Important Things with Demetri Martin
is a sketch-comedy show in which Martin devotes each episode to an abstract concept or action that can be applied to a variety of contexts. For example, the first episode’s important thing is “timing,” whereas the second’s is “power.”

If the show’s concept seems a bit flimsy, well, it sort of is. Like many sketch-comedy shows Important Things is real hit-and-miss with the jokes. The show features a variety of forums in which Martin can unleash his comedy: his stand-up bit (much like the opening monologue of a late-night variety show), sketches (often featuring guest actors) and short animated segments and music where Martin will play at least one instrument and sing a song somehow related to the show’s theme.

Although Important Things is occasionally funny, it feels like it might work better if Martin dropped the whole single-topic motif and just continued with funny sketches. Martin often reaches too far in his attempts to connect certain jokes to the show’s topic.

Yeah, when the 35-year-old hipster goes on a tirade about how he hates meeting babies because they never remember him, then explains to a non-existent baby, “Uh, we met last week, and you didn’t even freakin’ look at me. I believe you were shitting in your pants when we spoke,” it is pretty damn funny. But tying the entire concept to timing is a bit of a stretch.

Martin’s show is disjointed and often a tad confusing, as if it were thrown together using a digital camera and iMovie in Martin’s parents’ basement. Although perhaps that’s the appeal of Martin’s crude animations, sketches, songs and monologues; they are all well within the bounds of the haphazard and seemingly arbitrary sense of humor shared by the YouTube generation.

Important Things
is like one man’s YouTube channel, only it’s on cable television.
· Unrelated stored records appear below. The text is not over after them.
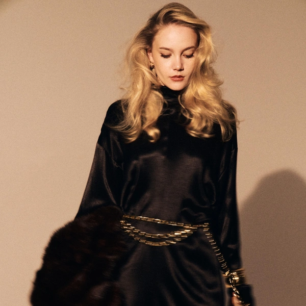Коллекция становится высказыванием о современной роскоши. В центре — вечерние платья из бархата, кружева и струящихся тканей с воланами, вдохновленные архивами ведущих домов моды. Бархат, как ключевой материал сезона, задает глубину цвета и драматизм, кружево и многослойность добавляют образам движения и легкости. Дополняют капсулу верхняя одежда и аксессуары — меховые шарфы, бомберы и жилетки, позволяющие вписать вечерние образы в динамику зимнего города.
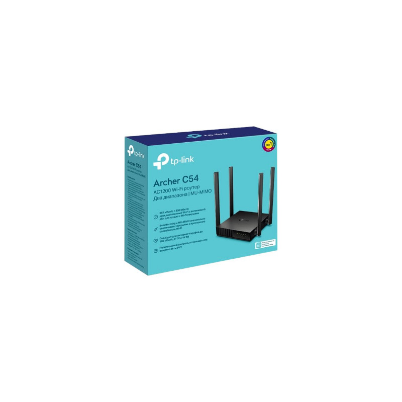 Dual Band Router | Archer C54 | 802.11ac | 300+867 Mbit/s | 10/100 Mbit/s | Ethernet LAN (RJ-45) ports 4 | Mesh Support No | MU-MiMO Yes | No mobile broadband | Antenna type 4xFixed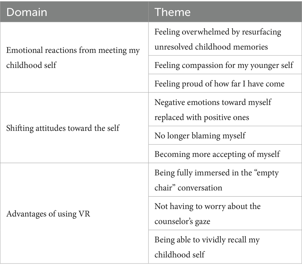 The positive experiences perceived by the participants were categorized into three domains: emotional reactions from meeting their childhood self, shifting attitudes toward the self, and the advantages of using VR. Nine themes were identified across the domains. The results are summarized in Table 4.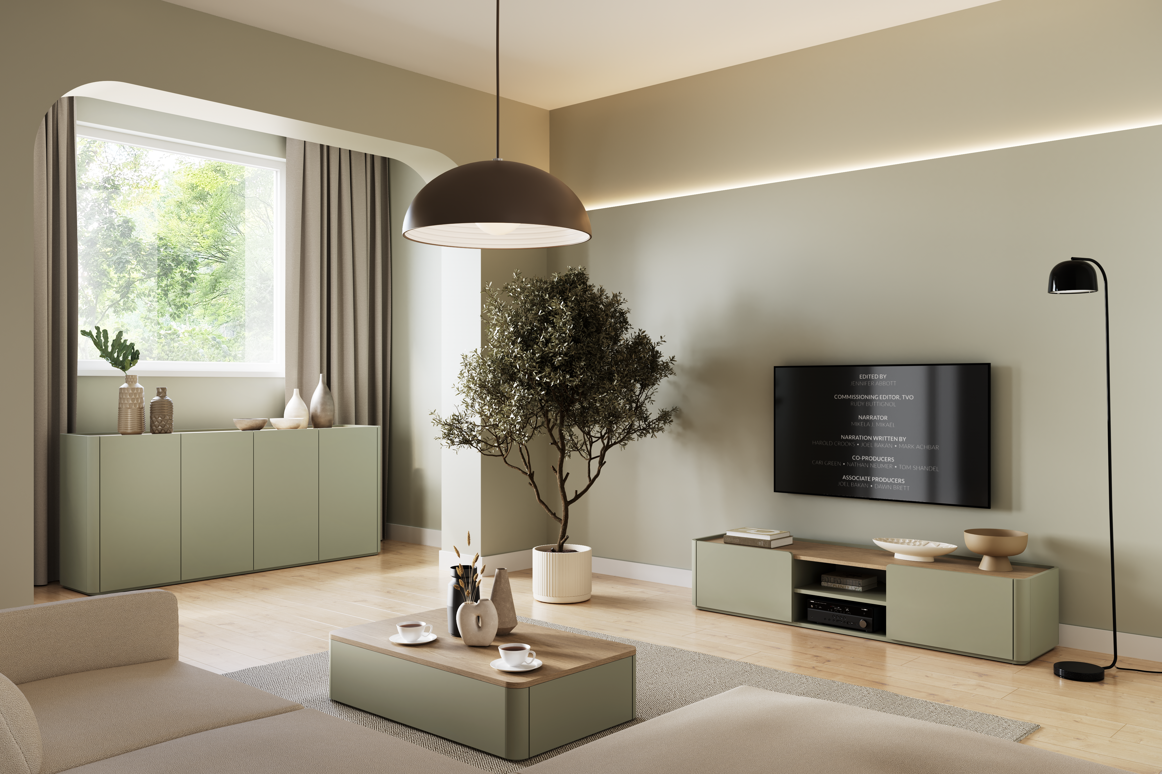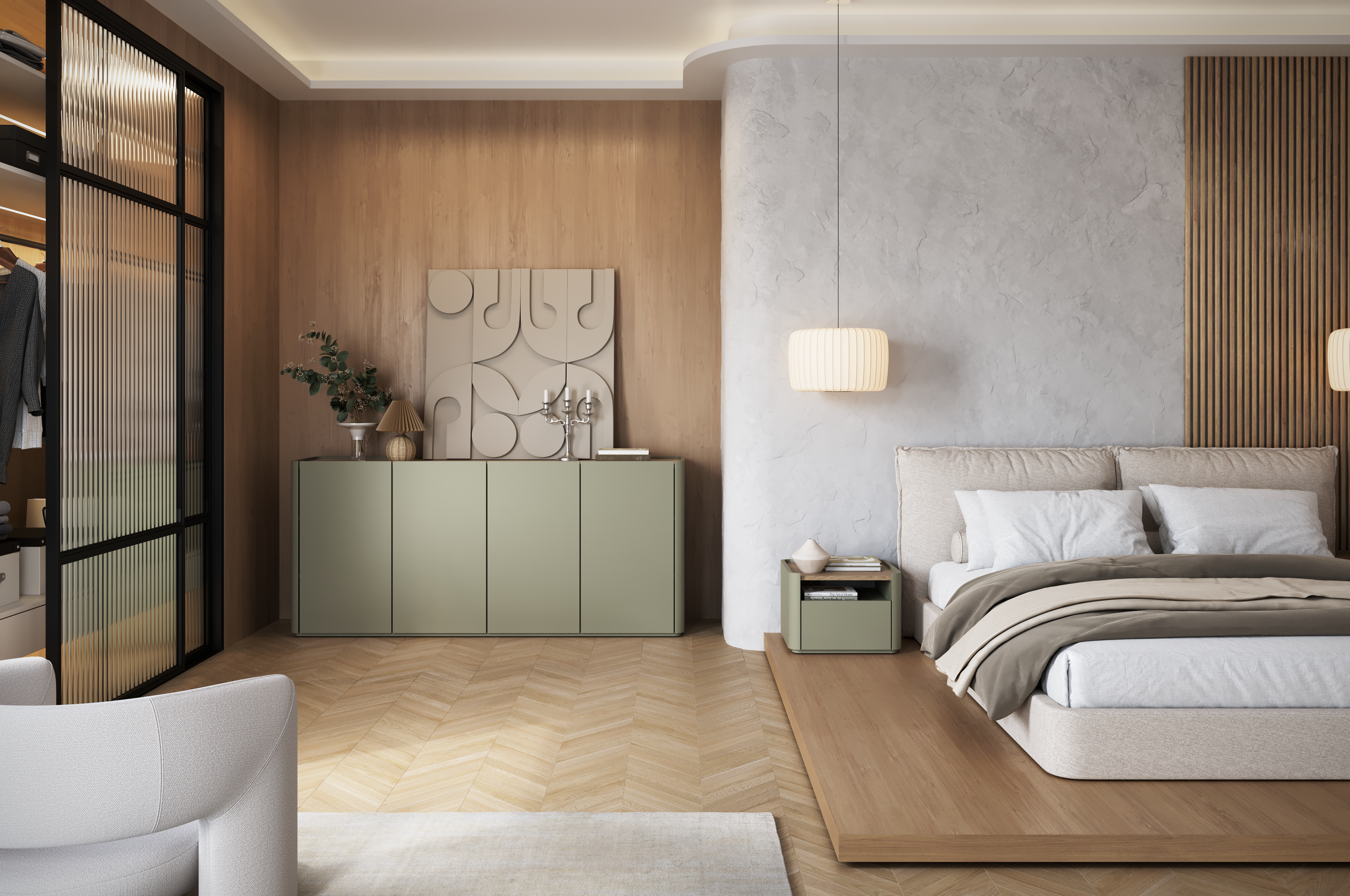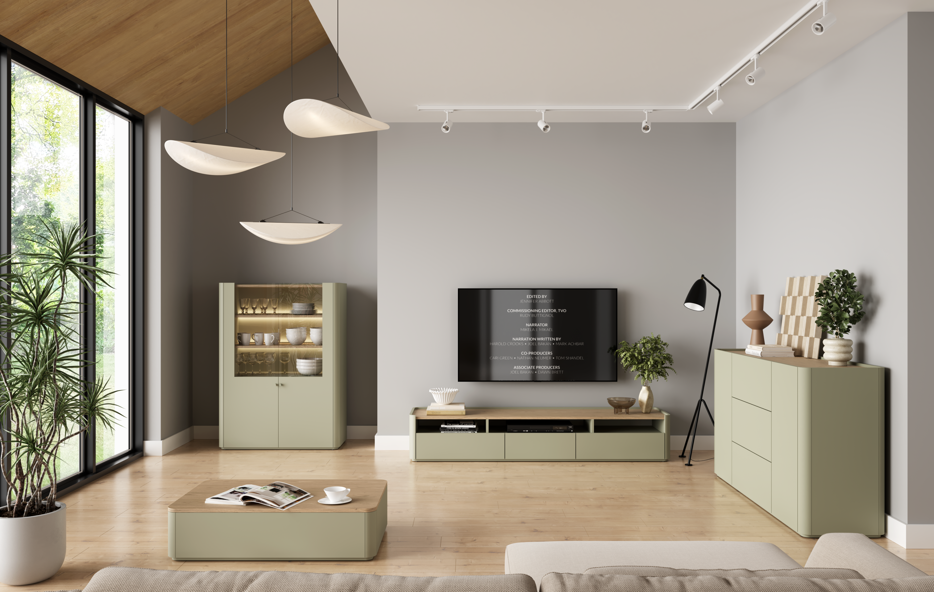 Model Elivo ističe se svojom svestranošću. Dizajniran je tako da se savršeno uklapa i u dnevni boravak i u spavaću sobu. U dnevnom prostoru dijelovi kolekcije mogu služiti kao središnji element za pohranu knjiga, dekoracija ili multimedijskih uređaja, dok se u spavaćoj sobi mogu koristiti kao garderobni ili pomoćni elementi. Kombinacija eukaliptusa i svijetlog hrasta vizualno povećava prostor i daje mu osjećaj svježine.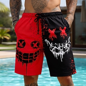 Herren Schädel Straßenkultur Gothic Badehosen Badeanzüge Badeshorts Boardshorts Mittlere Taille Dunkler Gothic-Stil Outdoor Streetwear Alltagskleidung Seitentaschen Netzfutter Elastischer Kordelzug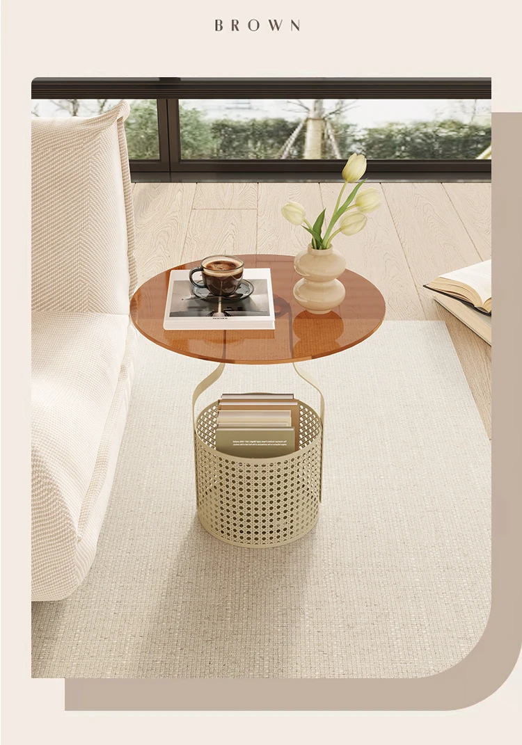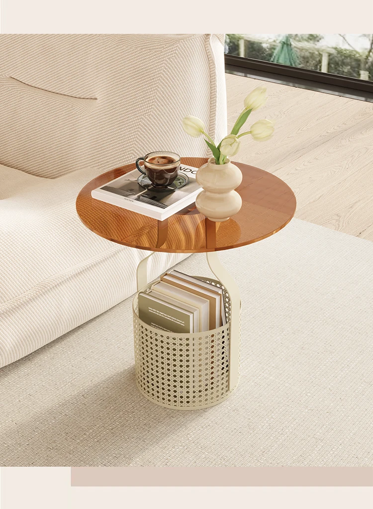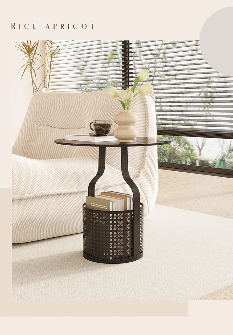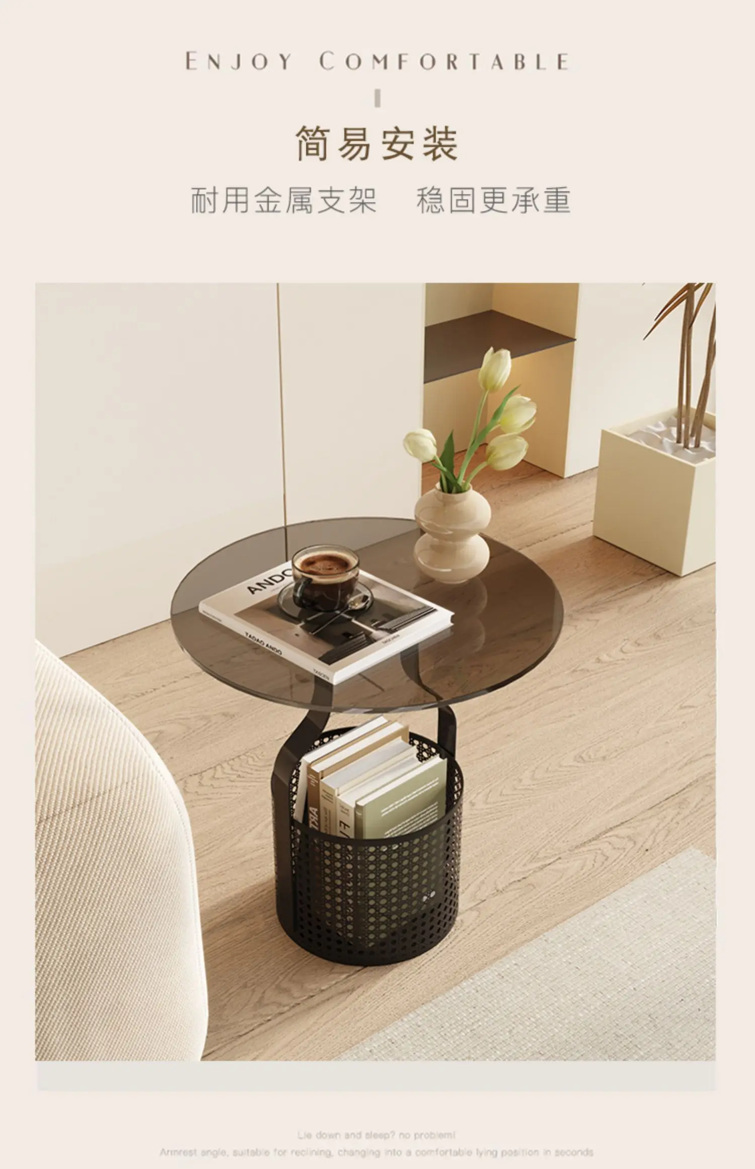 Home online celebrity simple sofa, small round table, living room glass, small coffee table, small bedside table.

Some people are going to love every bizarre deadpan joke coming out of Martin’s mouth, while still others will find some to love and probably more to be irritated by.

The important thing to remember about Important Things is that its content is much smarter than just about any legally distributed content on YouTube. Now if only it were all funny instead of just some of it.

I think Martin simply hasn’t hit his stride yet, but hopefully he will in the coming weeks. General reception to the show has been positive, so I think things look pretty good for the future of Important Things with Demetri Martin.

But, what do I know? Don’t let me tell you how Important Things is, decide for yourself with an all new episode tonight where Demetri Martin discusses “brains.”